Self-clarification on pastoral problems

A: …The whole thing is a hot mess that makes me despair for the possibility of rational dialogue.

B: It’s not that bad, is it? It’s the usual slogan-swapping that we get with everything.

A: No, in this case there seems like a pathological inability to mention what we’re actually fighting over.

B: Seems pretty obvious to me: admit them or don’t.

A: No, That’s where the problem starts. All this talk about “admitting them to communion” makes it seem like we issue tickets and have turnstiles. It conjures up the image of everyone having to apply for a communion license, and the only question the clerk asks is “so, are you divorced and remarried”?

B: You’re looking for too much logic in what is a pastoral problem.
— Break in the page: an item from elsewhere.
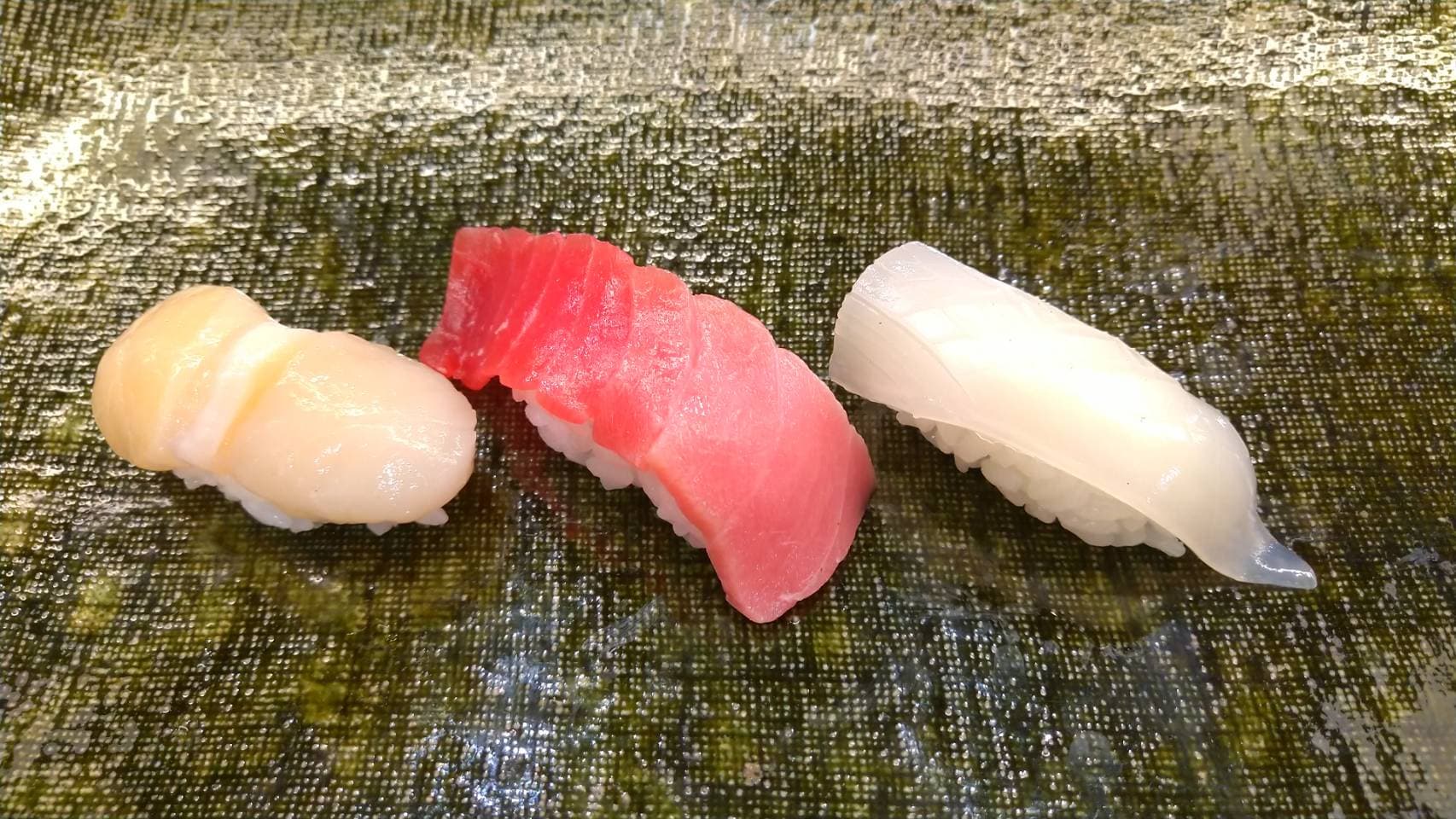 Omakase course including 16 pieces of chef-selected nigiri, a salad, and a soup.

A: Okay, so what’s that problem? I suppose there’s some canon that specifically singles out the divorced and remarried in a special way, and we want to get rid of it?

B: I don’t know. I’ve never heard of such a thing.

A: If some canon singles out the divorced and remarried, and this canon makes all the divorced and remarried “feel singled out”, then I suppose we could just “stop singling them out”. Maybe we could write more canons about who was “not admitted” to communion so the divorced and remarried wouldn’t feel so isolated. Or maybe we could stop referring to the divorced and remarried under that description and just refer to “those who are not ‘admitted’ to communion”. If all one means by a “pastoral” response is the use of more sensitive language with no change in the facts of who is “admitted” to communion, then a pastoral response is something so hollow that it’s hard to see why anyone would bother to make it.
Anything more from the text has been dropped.